Accuracy and loss are plotted side by side for better comparison.

In [None]:
model.save('model.keras')

This saves the trained model to a file named model.keras, which can be loaded later for predictions or further training. This is important for preserving the model for future use.

In [None]:
y_pred = []
y_true = []

for x_batch_val, y_batch_val in val_ds:
    preds = model.predict(x_batch_val, verbose=0)
    y_pred.extend(np.argmax(preds, axis=1))
    y_true.extend(y_batch_val.numpy())

confusion_mtx = confusion_matrix(y_true, y_pred)

plt.figure(figsize=(10, 8))
sns.heatmap(confusion_mtx, annot=True, fmt='d', cmap='Blues',
            xticklabels=class_names, yticklabels=class_names)
plt.ylabel('True label', fontsize=14)
plt.xlabel('Predicted label', fontsize=14)
plt.title('Confusion Matrix', fontsize=16)
plt.xticks(rotation=45, fontsize=12)
plt.yticks(rotation=0, fontsize=12)
plt.show()

This cell generates predictions for the validation dataset and compares them with true labels.
A confusion matrix is plotted to visualize the model's classification performance across different classes.
This helps in understanding which classes are correctly predicted and where the model may be making mistakes.


In [None]:
classification_rep = classification_report(y_true, y_pred, target_names=class_names, output_dict=True)

classification_df = pd.DataFrame(classification_rep).transpose()

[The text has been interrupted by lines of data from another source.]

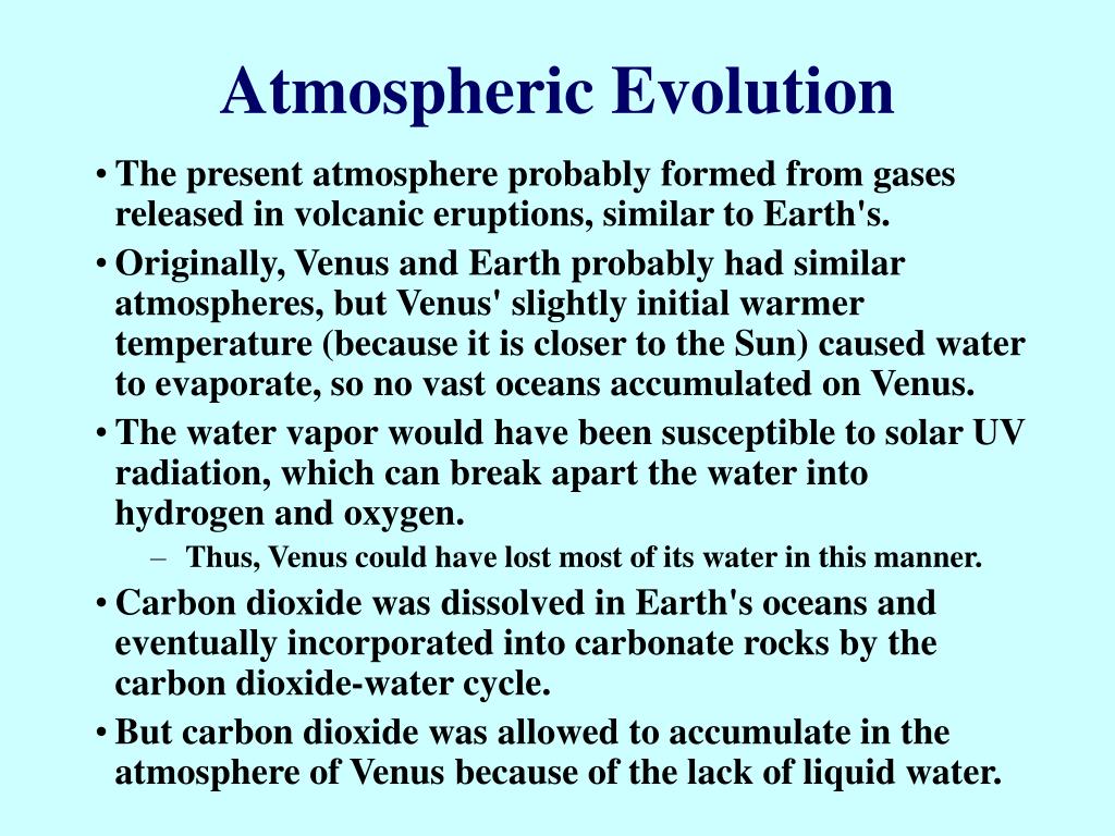 Atmospheric Evolution • The present atmosphere probably formed from gases released in volcanic eruptions, similar to Earth's. • Originally, Venus and Earth probably had similar atmospheres, but Venus' slightly initial warmer temperature (because it is closer to the Sun) caused water to evaporate, so no vast oceans accumulated on Venus. • The water vapor would have been susceptible to solar UV radiation, which can break apart the water into hydrogen and oxygen. • Thus, Venus could have lost most of its water in this manner. • Carbon dioxide was dissolved in Earth's oceans and eventually incorporated into carbonate rocks by the carbon dioxide-water cycle. • But carbon dioxide was allowed to accumulate in the atmosphere of Venus because of the lack of liquid water.
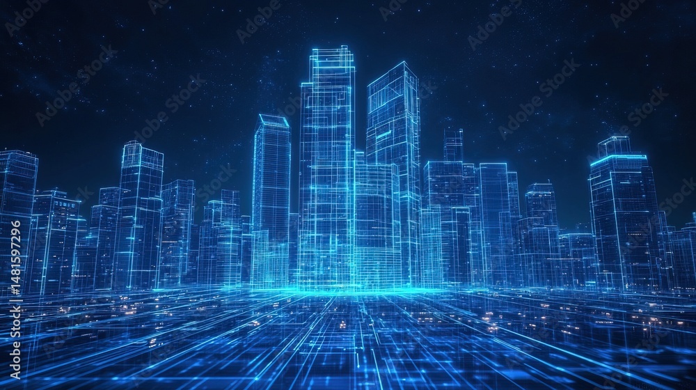 A holographic blueprint of a high-tech smart building in a futuristic city #1481597296
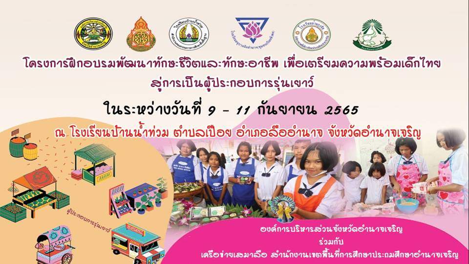 องค์การบริหารส่วนจังหวัดอำนาจเจริญ จัดโครงการฝึกอบรมพัฒนาทักษะชีวิตและทักษะอาชีพ เพื่อเตรียมความพร้อมเด็กไทย สู่การเป็นผู้ประกอบการรุ่นเยาว์ ในโครงการ มีการบรรยายฝึกปฏิบัติ เทคนิกส์การขายของออน์ไลน์ ผ่านแพลตฟร์มต่างๆ การสื่อ Social Media เพื่อการประชาสัมพันธ์ เทคนิกส์การตอบและสร้างแรงกระตุ้นในการซื้อขายสินค้าผ่านเครือข่ายอินเตอร์เน็ต โดยวิทยากรจากสำนักงานพัฒนาฝีมือแรงงานอำนาจเจริญ ระหว่างวันที่ 9-11 กันยายน 2565 ณ โรงเรียนบ้านน้ำท่วม ต.เปือย อ.ลืออำนาจ จ.อำนาจเจริญ
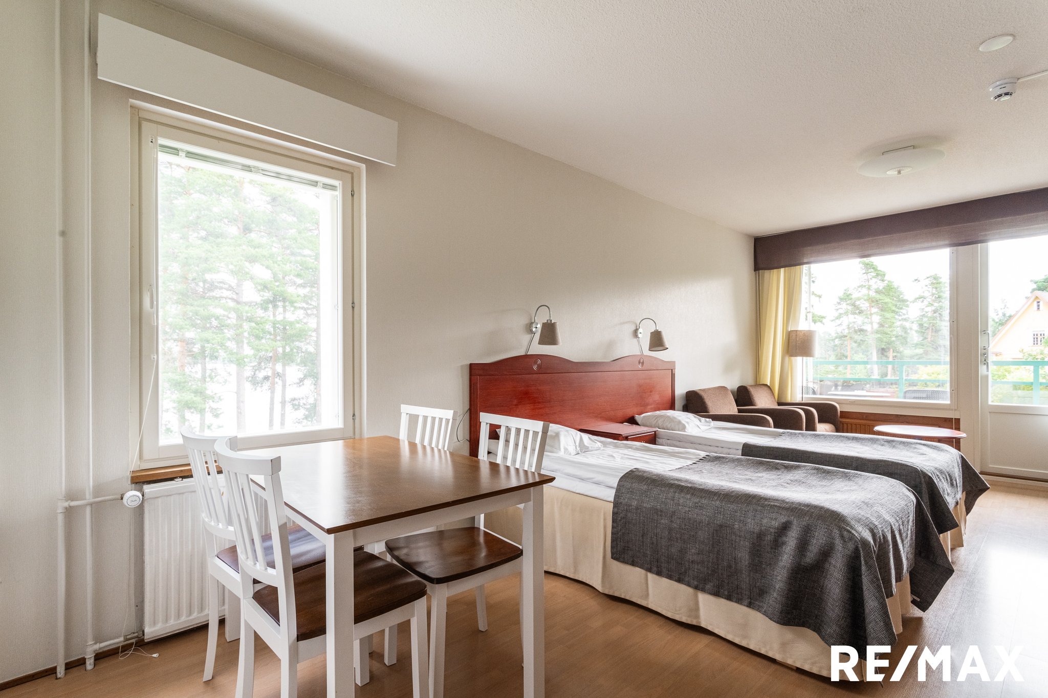 Ikaalisissa, Kylpylän alueella, sijaitsee tämä viehättävä lomahuoneisto, joka tarjoaa upeat näkymät Kyrösjärvelle. Huoneisto on päätyasunto, mikä takaa rauhallisuuden ja yksityisyyden. Tämä 64 neliömetrin kokoinen huoneisto koostuu kahdesta erillisestä asunnosta, joihin molempiin kuuluu oma parveke ja kylpyhuone. Asunto myydään kalustettuna.
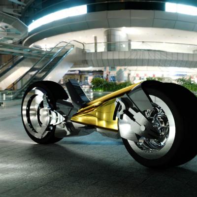 一款非常独特的摩托车3D模型,拥有个3轮胎~前面两个,后面一个(无轮毂设计),
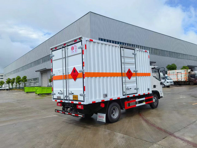福田歐馬可腐蝕性物品廂式運輸車上裝配置:廂體長寬高:4200X1900X1800(MM),荷載噸位:900(KG),車輛外部采用專用冷軋鋼板,內(nèi)部采用鋁板,夾層復(fù)合阻燃材料,嚴格控制防火阻燃性,車廂內(nèi)以及邊部安裝的有煙霧報警器以及固定裝置,廂體貼‘腐蝕品’危險品標識。
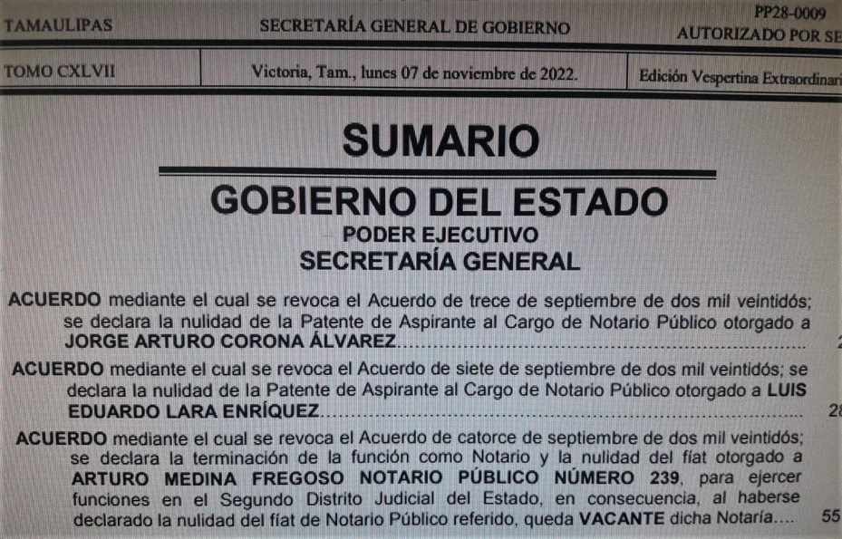 CD. VICTORIA, TAMAULIPAS, 8 DE NOVIEMBRE DE 2022.- Por no cumplir con los requisitos exigidos por la ley y por no garantizar la impartición de una función notarial que atienda al orden público e interés social, el Gobierno del Estado publicó en el Periódico Oficial, la nulidad de la Patente de Aspirante a Notario Público otorgada a Jorge Arturo Corona Álvarez y a Luis Eduardo Lara Enríquez, y además canceló el fíat otorgado a Arturo Medina Fregoso como Notario Público
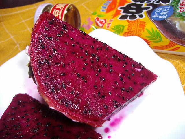 沖縄に行った友人からお土産をいただきました。ドラゴンフルーツは白い果肉に黒い種の粒々がはいってるものをよく見かけますが、赤い鮮やかな果肉のタイプをもらい早速食べてみると甘いフルーツに比べると少し物足りない味ですが、食後にはちょうどいいデザートでした。今回は赤い色だったので弱り気味の体にパワーをもらった気がします。カットした時に少し触った手にはまだ色が残っていてびっくり。。「これで何か染めてもいいかなあ。。」なんて後で思いましたが、もうすべて胃の中。。まあこれだけの色ですのでポリフェノールがたっぷり身体に取り込まれて少し明日は元気になってるかも。。一応調べてみると白いタイプはさっぱりとした酸味があり、赤いタイプはほんのり甘いとか。。南のほうの人もパワフルで長寿の人が多いけど、植物なども抗酸化力のあるものばかりみたいです。生命力を感じました。それから以前、果肉の中の種からは告がせるというのを何かで見たことがあるのでほんの少しでが黒い種を残しました。サボテンの仲間ですし、「ここでも育つかな・・」と一瞬考えたのですが、まあ後で駄目もとで調べてみますけど無理でしょうね。。また、かわいい瓶に入った【豆腐よう】というものも一緒にもらったのですが、こちらは以前私が沖縄に行った時、知ってはいたけど苦手で食べませんでした。瓶詰めですし、一口サイズなので誰かに話の種にでもして回しましょう。この「豆腐よう」とは、豆腐を紅麹と泡盛などで発酵・熟成させた発酵食品でウニのような風味とチーズのような舌触り、濃厚かつ繊細。そして上品な味はまさに珍味中の珍味だとか。。アルコールが好きな人にはたまらない珍味なんでしょうね。。私もまた沖縄に行きたくなりました。。
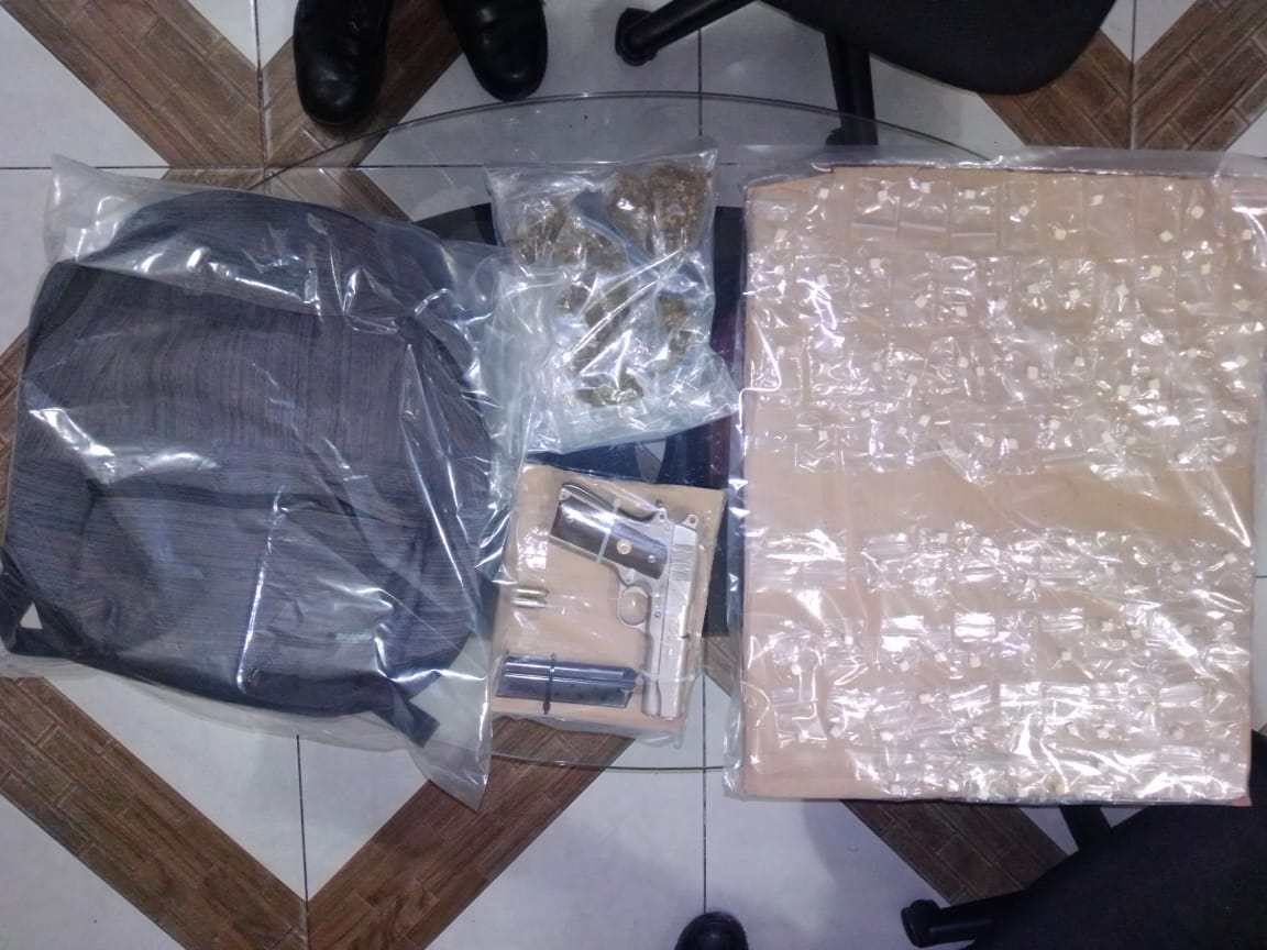 Esta acción fue derivada de una denuncia anónima y trabajos efectuados en materia de Seguridad Pública, por lo que se implementó un operativo de persuasión y disuasión del delito en inmediaciones del municipio de Coatzacoalcos, logrando detener a dos presuntos infractores de la ley, a quienes se les fue leída la Cartilla de Derechos Humanos, mismos que fueron puestas a disposición de las autoridades competentes junto con la presunta droga y armamento asegurado, para la integración de la carpeta de investigación correspondiente, a efecto de que se determine su situación jurídica.
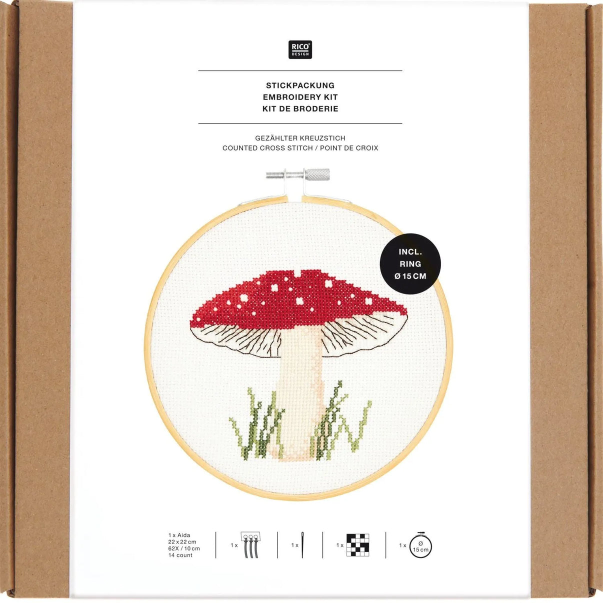 Embroidery Set - Mushroom - Cross Stitch - 15cm - Rico Design
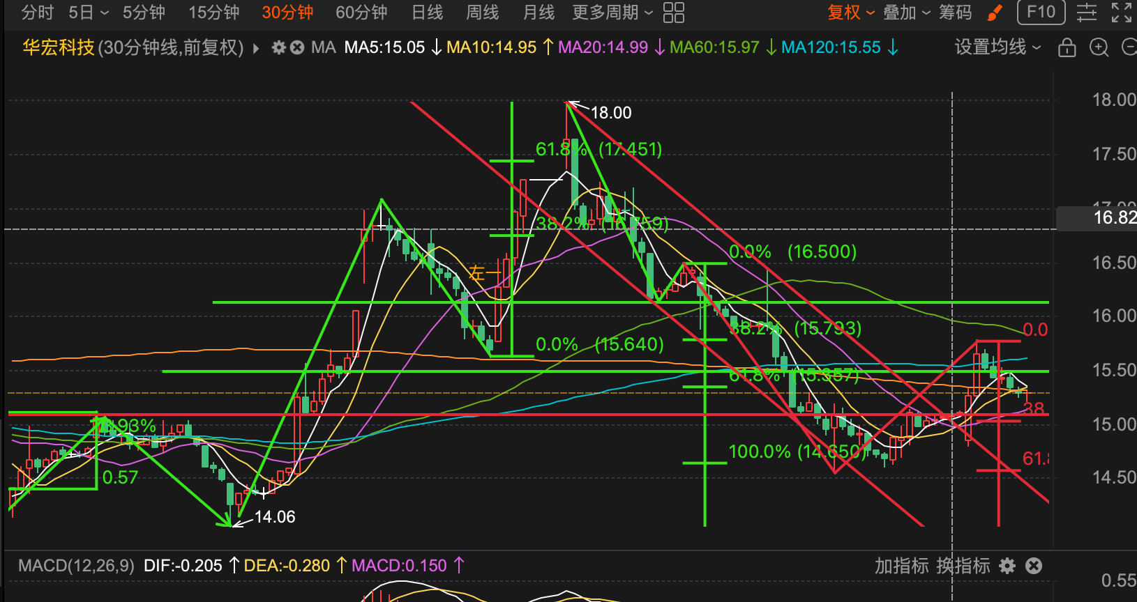 反弹目标位已到 看明天回踩创不创新低 创新低还会向下 去寻找14.2 不创新低未来就能突破18.6
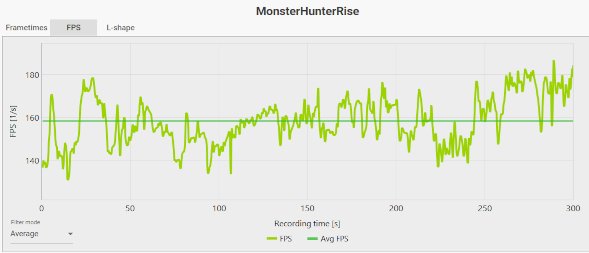 両モードでの平均フレームレートはそれぞれ244.8fpsと182.4fpsとなり、ディスプレイのリフレッシュレートである144fpsを余裕で超えていました。
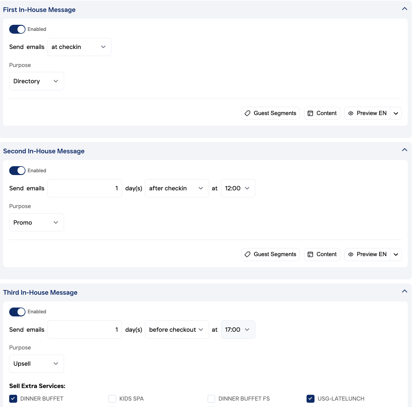 You can send these messages via email or SMS at the time of check-in, at a specific day and time during the stay or at check-out day.
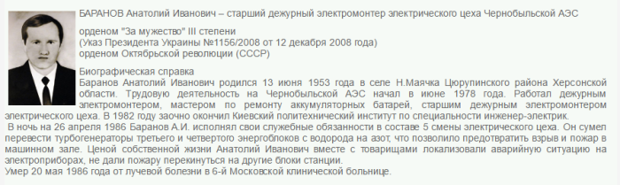 Когда ее уровень возле сливных вентилей Б-Б под блоком №4 упал примерно до 50 см, к ним, по распоряжению начальника реакторного цеха В. Грищенко отправились старшие инженеры А. Ананенко и В. Беспалов. Их сопровождал Б. Баранов, начальник смены станции. Облачённые в гидрокостюмы, с фонарями и разводными ключами в руках, они дошли до вентилей, по маркировке сверили номера. Борис Баранов встал на страховке, а Алексей Ананенко и Валерий Беспалов вручную стали открывать сливные линии. На это ушло около 15-ти минут. Шум сливающейся из нижнего этажа бассейна воды убедил их в достижении нужного результата. Вернувшись после выполнения задачи, они проверили свои дозиметры (им выдали оптические дозиметры ДКП-50, «карандаши» военного образца), на них было по 10 годовых норм.."
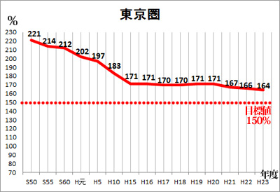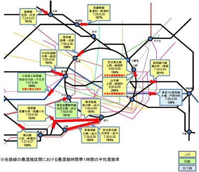 とはいえ、国土交通省は2015年度までに首都圏の全区間の混雑率を180%以内に、主要区間の平均混雑率を150%以内にするという目標を掲げている。
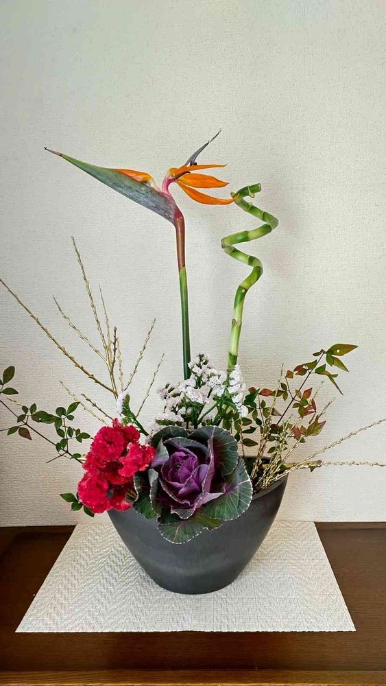 今日はお休みなのでお正月花を少しずつ小さくしていこうと…投げ入れのものをまた違う作品にしてみました。お正月花作品その3の1番難しかった投げ入れのものを解体しこのアレンジに。イマイチの投げ入れ作品が…このようにまとまりやっと満足しました〜(笑)✌️😆✌️

plt.figure(figsize=(10, 6))
sns.heatmap(classification_df.iloc[:-1, :-1], annot=True, cmap='Blues', fmt='.2f')
plt.title('Classification Report', fontsize=16)
plt.ylabel('Classes', fontsize=14)
plt.xlabel('Metrics', fontsize=14)
plt.xticks(fontsize=12)
plt.yticks(fontsize=12)
plt.show()

This cell generates a classification report that includes metrics like precision, recall, and F1-score for each class.
The report is converted to a Pandas DataFrame and visualized as a heatmap for a quick, visual overview of the model’s performance.
This provides a detailed evaluation of the model’s predictions, showing how well it performs on each class.